Semiconductor device and method for manufacturing the same
阅读说明:本技术 半导体器件及其制造方法 (Semiconductor device and method for manufacturing the same ) 是由 陈赫 华子群 伍术 王永庆 肖亮 于 2019-08-28 设计创作,主要内容包括:提供了一种半导体器件及其制造方法。半导体器件包括半导体结构和输入/输出焊盘。半导体结构包括第一衬底和导电层,其中,第一衬底具有彼此相对的第一表面和第二表面,导电层设置在第一衬底的第一表面上,并且导电层包括一个或多个第一迹线。第一半导体结构具有穿过第一衬底并且暴露出一个或多个第一迹线的凹陷,并且输入/输出焊盘设置在一个或多个第一迹线上并且在凹陷中。(A semiconductor device and a method of manufacturing the same are provided. The semiconductor device includes a semiconductor structure and an input/output pad. The semiconductor structure includes a first substrate having a first surface and a second surface opposite to each other, and a conductive layer disposed on the first surface of the first substrate and including one or more first traces. The first semiconductor structure has a recess through the first substrate and exposing the one or more first traces, and the input/output pad is disposed on the one or more first traces and in the recess.)
1. A semiconductor device, comprising:
a first semiconductor structure comprising a first substrate and a conductive layer, wherein the first substrate has a first surface and a second surface opposite to each other, the conductive layer is disposed on the first surface of the first substrate, and the conductive layer comprises one or more first traces; and
an input/output pad disposed on the one or more first traces;
wherein the first semiconductor structure has a recess through the first substrate and exposing the one or more first traces, and the input/output pad is disposed in the recess.

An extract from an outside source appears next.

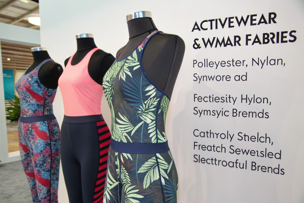 Polyester, nylon, and specially treated spandex blends are widely used in activewear and swimwear due to their strength, elasticity, and UV resistance. Many are designed to wick moisture, stretch comfortably, and retain shape even after sun exposure.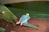 Разносчик обедов в коридоре корпуса зоны для пожизненного заключения.

2. The semiconductor device according to claim 1, further comprising a first insulating layer provided over the second surface of the first substrate, wherein the first insulating layer has an opening corresponding to the recess.
3. The semiconductor device of claim 1, wherein the first semiconductor structure further comprises a second insulating layer between the first surface of the first substrate and the first conductive layer, wherein the recess passes through the second insulating layer.
4. The semiconductor device of claim 3, wherein a thickness of the input/output pad is less than a thickness of the second insulating layer.
5. The semiconductor device of claim 1, wherein the first semiconductor structure further comprises peripheral devices on the first substrate.
6. The semiconductor device of claim 5, wherein the conductive layer further comprises at least two second traces electrically connected to the peripheral device.
7. The semiconductor device of claim 1, wherein the input/output pad directly contacts the one or more first traces.
8. The semiconductor device of claim 1, wherein a width of the one or more traces is greater than a width of a bottom of the recess.
9. The semiconductor device of claim 1, further comprising a second semiconductor structure bonded to the first semiconductor structure.
10. The semiconductor device of claim 9, wherein the second semiconductor structure comprises a second substrate and a plurality of NAND strings, and the NAND strings are disposed between the conductive layer and the second substrate.
11. The semiconductor device of claim 10, wherein the first semiconductor structure further comprises a peripheral device on the first substrate, and one of the NAND strings is electrically connected to the peripheral device.
12. A method of manufacturing a semiconductor device, comprising:
providing a temporary semiconductor structure, wherein the temporary semiconductor structure comprises a temporary substrate having a first surface and a conductive layer disposed on the first surface of the temporary substrate, and the conductive layer comprises one or more first traces;
forming a recess in the temporary semiconductor structure to form a first semiconductor structure and a first substrate, wherein the recess passes through the first substrate and exposes the one or more first traces; and
an input/output pad is formed in the recess and on the one or more first traces.
13. The method of manufacturing a semiconductor device according to claim 12, further comprising thinning a surface of the temporary substrate opposite the first surface to form a second surface between providing the temporary semiconductor structure and forming the recess.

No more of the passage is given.